Después se levantó y marchó con una mochila con su ropa y la navaja, que arrojó en un contenedor de basura de Alcalá de Henares.

En ningún momento Patrick ha revelado que tuviera intención de sacar los cuerpos de la casa, pero los investigadores creen que sí era su objetivo, toda vez que se llevó la llave de la vivienda, pero algo le impidió volver.

Y se llevó también el teléfono móvil de su tío Marcos, desde el que envió un mensaje al propietario del chalé de Pioz, alquilado por la familia, para decirle que se iba a retrasar en el pago de la mensualidad, con lo que evitaba que el dueño fuera a la casa en los días próximos.

Nadie oyó nada, aunque algún vecino dice que una vez escuchó un grito procedente del chalé, pero no ha podido precisar cuándo. Si fue esa noche, el grito podría proceder del tío de Patrick si tuvo tiempo de ver los cuerpos de su mujer y de sus hijos.

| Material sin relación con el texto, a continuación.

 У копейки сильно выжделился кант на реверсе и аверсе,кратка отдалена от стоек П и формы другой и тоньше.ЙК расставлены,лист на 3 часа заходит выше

¿Cuál fue el móvil? Ni el supuesto autor lo tiene claro. Dice que no está loco, según han precisado los investigadores, pero ha reconocido que tenía unas ganas irrefrenables de matar y no lo pudo evitar.

Al parecer, sentía cierta animadversión por su tío, al que llegó a insultar alguna vez delante de gente, han subrayado los investigadores, que no creen que una posible relación sentimental y puntual con Janaina haya sido el detonante principal.

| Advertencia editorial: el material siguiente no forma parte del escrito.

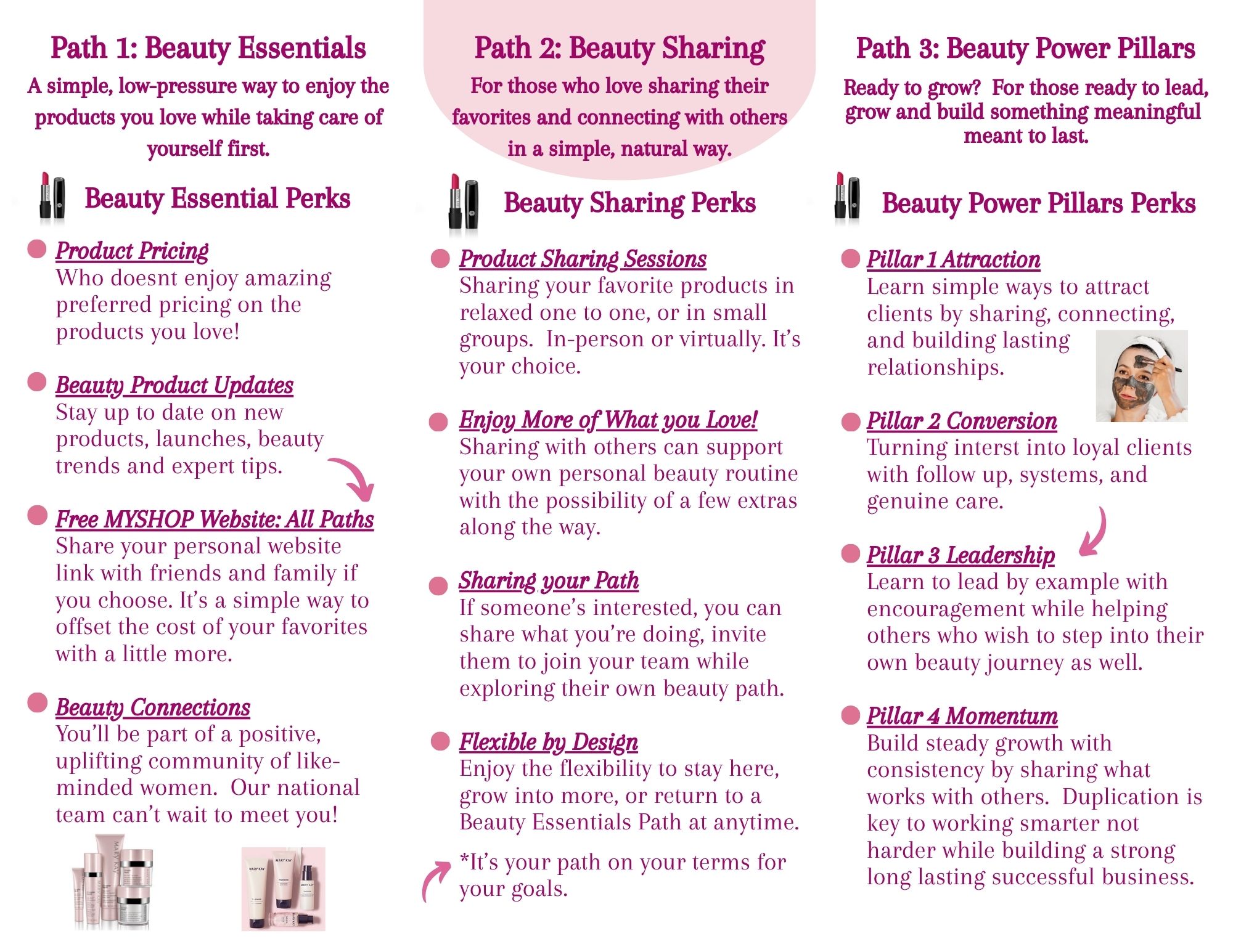 is a flexible way to enjoy your products, share what you love, and if you choose- grow into a beauty business!

Con ayuda de los agentes de la unidad de Análisis de la Conducta, la Guardia Civil describe a Patrick como una persona algo narcisista, solitario, con muy pocas relaciones con la sociedad.

Patrick «puntúa alto» en psicoticismo, pero, de momento, no se le podría tachar de psicópata. «Para mí, sí sabía claramente lo que estaba haciendo y lo que iba a hacer», ha recalcado el comandante Reina.

El supuesto autor, que bebía y fumaba mucho, se ha mostrado en su declaración ante la Guardia Civil «tranquilo, sereno, colaborador y confiado.

¿Por qué, entonces, no ha contado todo? Los investigadores tienen su teoría. No lo ha hecho porque no quiere mostrar a una parte de sus familiares, con los que tiene una especial vinculación, la monstruosidad de lo que ha hecho. Ha querido en todo momento no crearles más problemas y ha afrontado solo el caso.

La Guardia Civil ha desvinculado a las víctimas y al resto de los familiares con cualquier actividad delictiva.

Quedan algunas incógnitas que solo Patrick puede desvelar, pero para los investigadores lo importante es que ha reconocido los hechos. Y llegó a España sabiendo las cargas de prueba contra él.